Was trying really hard 1st 3 days of work, after a fantastic holiday, to put on full make-up – moisturiser, sunblock, primer, liquid foundation, powder foundation, then eyebrows + shadow + eyeliner + blusher. Trying hard cos it’s been 2 weeks since I’ve had full make-up on. Truth be told, Italian climate added a glow on my skin which was not exactly achievable in these parts. I was an exotic beauty really lol… All I needed was an eyeliner, and a little blusher, and I looked fantabulous!
Back home, the humidity in these parts does awesome job of keeping it flushed & well, sweaty pretty much most of the day. And interestingly, the full make-up that used to stay on, now flakes off in patches, cos I’m pretty much perspiry & oily-surfaced all day. Didn’t noticed until a colleague told me about it. Then as I observed more, it looks really patchy. Lol…
Today, I decided to do without foundation, just the simple brows + blusher + shadow + liner + nude lipstick combi. Works perfectly & I looked fab even at end of day!
Realising increasingly too, some changes that’s coming on slowly, kinda creeping into becoming habits / new perspectives as I faced a stressful week. Coming back to work after 2-week hiatus is not funny. Lol… Esp the pace that I’m expected to land into is crazy fast! Basically, expected to land & move @ warp speed! In fact, faster cos I had a holiday! Lol…
I’m breathing more, more aware of moments that I need to put into perspective. Sure, expletives were muttered under my breath, sometimes I felt like bashing someone’s head, but I’m seeing those moments with more clarity & catching myself faster. That sense of taking a moment to put things into perspective seems to be a huge lesson this week. Stresses are really depending on how I look at them: slow down a tad & breathe to see that it’s really not so bad. Today, a potentially disastrous project situation just slid past me like it’s just an everyday issue. I actually saw it in perspective & put on the problem-solver hat instead of screaming at the issue.
I realised, after 2 days of ending a relatively significant relationship, I’m managing a lot better. Cos my worth as a woman & person is intact. The trip has led me to appreciate myself a lot more – the fact that I was CRAZY! And I was very capable of taking care of myself – no issues at all. I was crazy & so able to entertain myself & coming to terms with surfaced issues which I came across at moments on the trip.
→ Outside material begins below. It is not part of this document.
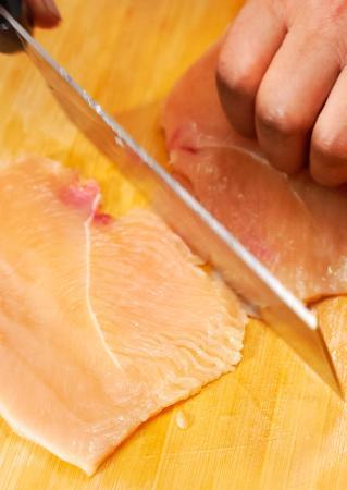 然後從中間切開,呈薄厚均勻的兩片,因為雞胸肉太厚,

I was crazy to push myself & yet know what I want, and where my limit is, and respect that limit.
As I stopped along the way to gaze at the beauty of hues created by the Creator, I also come to appreciate the beauty in me, the exact specifications I am looking for in various aspects of my life. Cos I plan to live happily, ensuring I embrace more laughter than tears. At the same time, care for those closest to me to best I can.
Shaving off stuff that creates imbalance in my heart, have steered clear of things / persons who hurt my heart. Yes, I know tears are inevitable in life, but I intend to only shed tears when it’s worth the pain. Perhaps it means living within a tighter circle, becoming more selective of who gets into my heart. I’ll do what it takes to ensure I’m here, healthy, for the ones who mean alot to me & for those in future who will increasingly mean much as well.